Transcribe only the part of the material below that begins at the line containing "上海鑫鵬塑料創始于1987年" and ends at the line containing "Bej renkli, yuvarlak", with both kept and images left out.

*** RECORDS PROVIDED

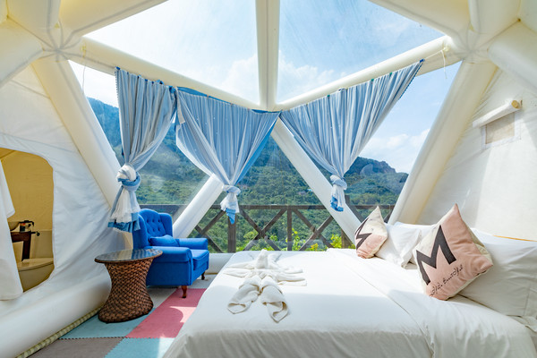 让人眼前一亮的是,景区还设有帐篷露营地,星星、草地、湖水、帐篷,光是想想便觉得幸福之意油然而生。这里的帐篷房风格迥异,既有原木色居家低调风,也有北欧精致简约风,无论是带着孩子的幸福妈妈,还是崇尚自由的单身男女,在这里,总能找到属于你的完美小屋。
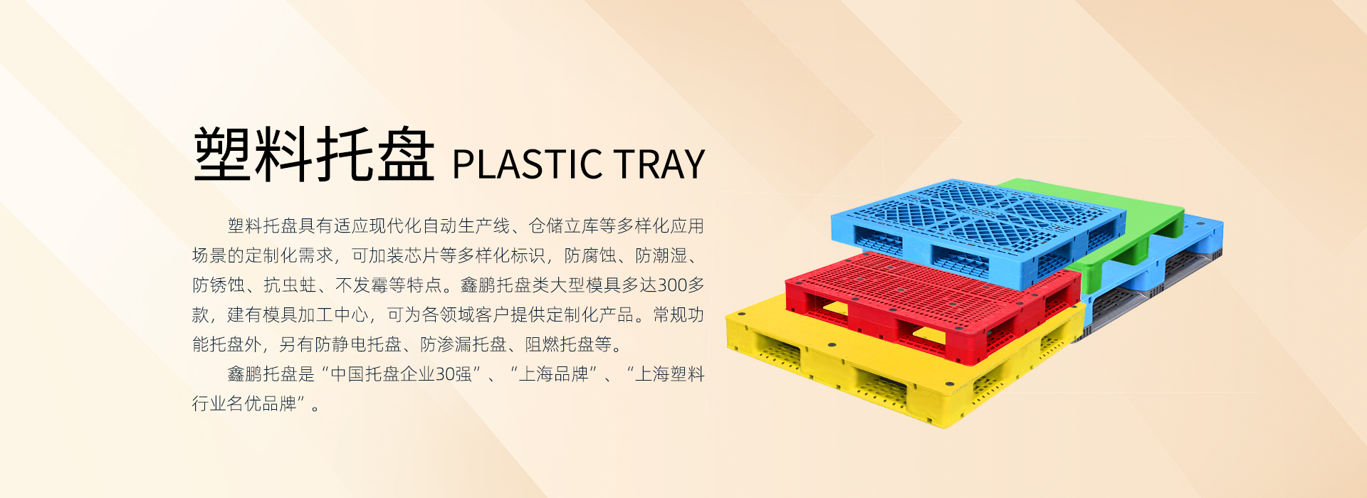 上海鑫鵬塑料創始于1987年,始終專注深根塑料產業鏈,業務板塊包括:塑料原料貿易、塑料制品研發制造(塑料托盤、塑料箱筐、卡板箱、環衛桶等)。現全國有5個生產基地:上海2個、四川1個、江蘇2個。
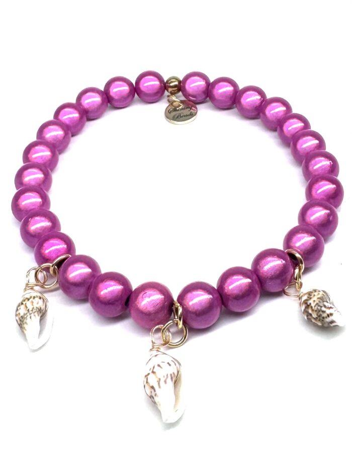 Startseite Shop Damen Fusskettchen Fusskette – Fussperlenband Illumination-Leucht-Perlen pink-gold Muscheln 10 mm
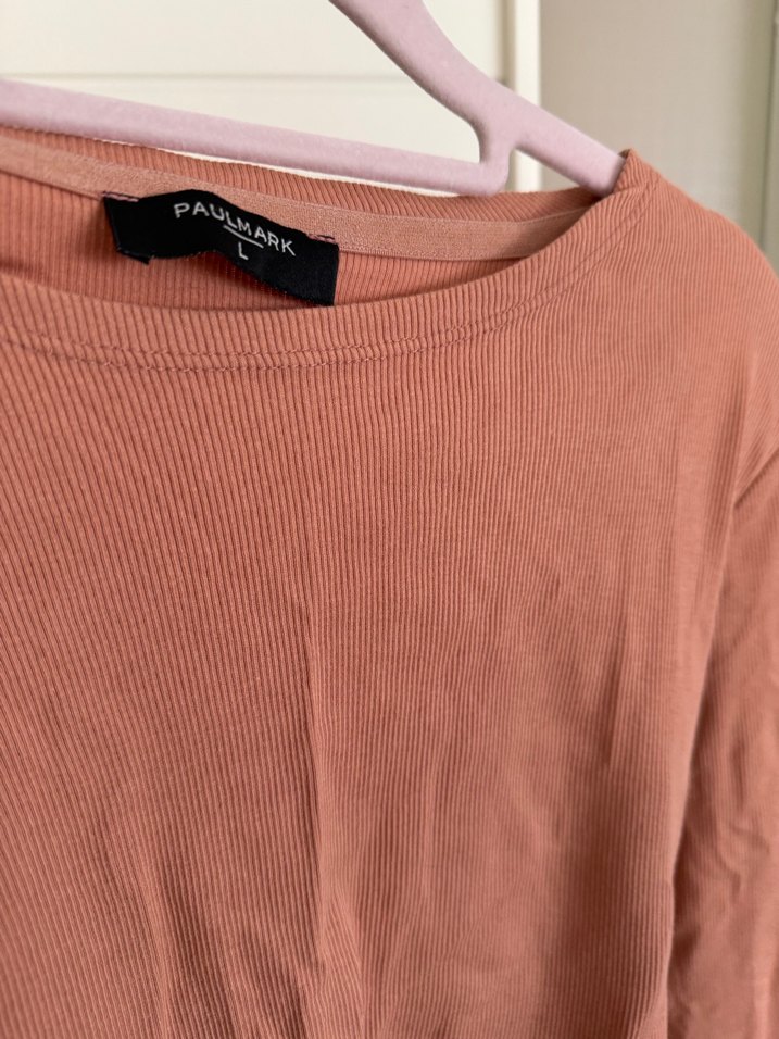 Bej renkli, yuvarlak yaka ve uzun kollu kadın keten tişört, nefes alabilir kumaştan. Minimalist ve şık kesimiyle günlük kullanıma uygun.
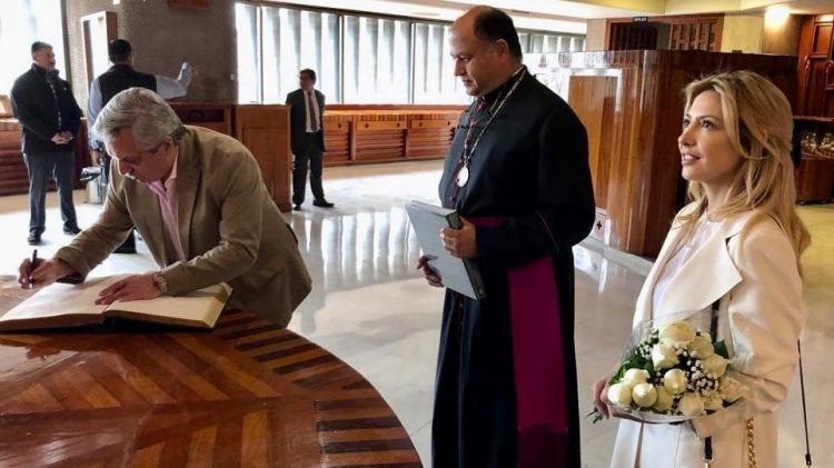 Junto a la comitiva, integrada por Felipe Solá y Santiago Cafiero, llevaron a cabo un recorrido de aproximadamente una hora por todo el recinto religioso.
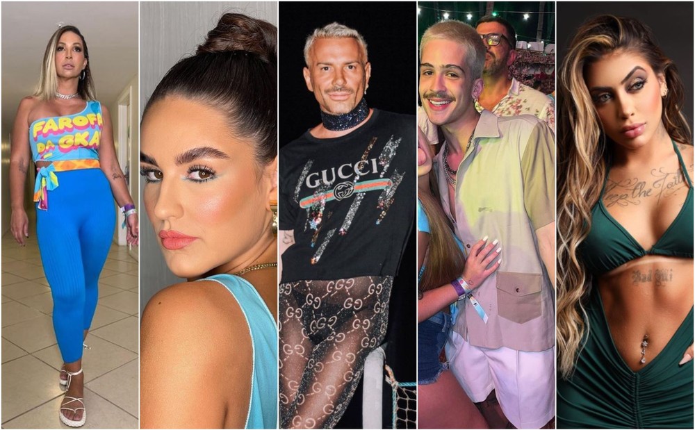 A atriz, youtuber e ex-BBB Viih Tube – que em outubro anunciou o término do namoro de três anos com Bruno Magri – ficou entre os destaques da noite e protagonizou beijos quentes com o também youtuber Isaías Silva, conhecido por interpretar personagens cômicos na internet. Ela foi vista ainda aos beijos com o modelo Lipe Ribeiro.
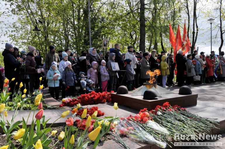 Здесь собралось большое количество жителей, чтобы почтить память героев Великой Отечественной войны
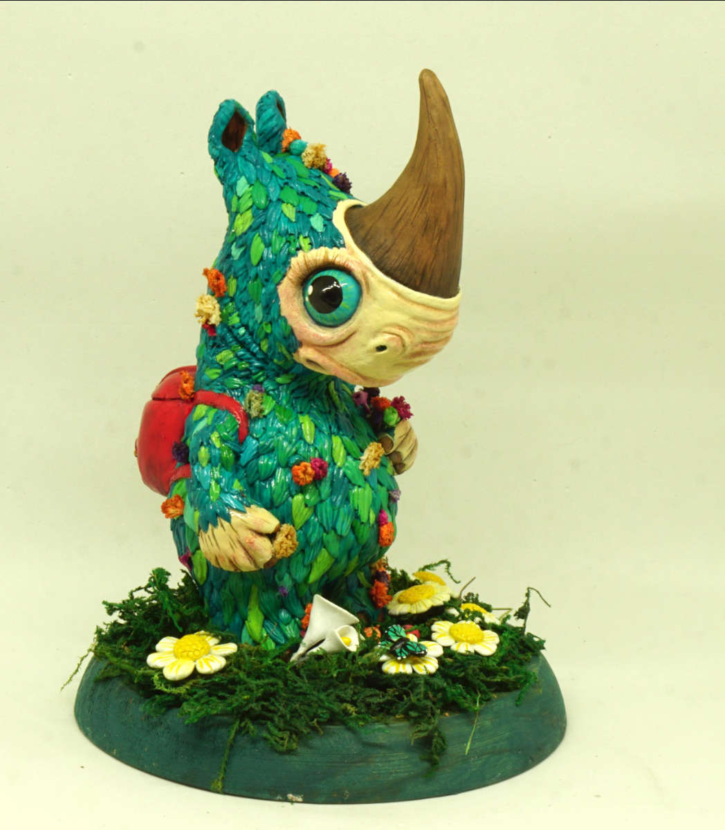 A veces dice sentirse un bicho raro, sentimiento que arranca de su adolescencia y que enriquece sus creaciones que no pueden pasar desapercibidas al resto de bichos humanos que las contemplamos con sana envidia porque tanta creatividad no es normal, es rara, como sus bichos convertidos en esculturas timburtianas, como le gusta definir su obra. No puedo dejar de dar las gracias al gran cineasta por su influencia en Maka aunque yo personalmente creo que de no existir ese creador cinematográfico genial ella hubiera creado igual de onírica, inocente, colorida…

******

» **OUTPUT BELOW**
 上海鑫鵬塑料創始于1987年,始終專注深根塑料產業鏈,業務板塊包括:塑料原料貿易、塑料制品研發制造(塑料托盤、塑料箱筐、卡板箱、環衛桶等)。現全國有5個生產基地:上海2個、四川1個、江蘇2個。
 Startseite Shop Damen Fusskettchen Fusskette – Fussperlenband Illumination-Leucht-Perlen pink-gold Muscheln 10 mm
 Bej renkli, yuvarlak yaka ve uzun kollu kadın keten tişört, nefes alabilir kumaştan. Minimalist ve şık kesimiyle günlük kullanıma uygun.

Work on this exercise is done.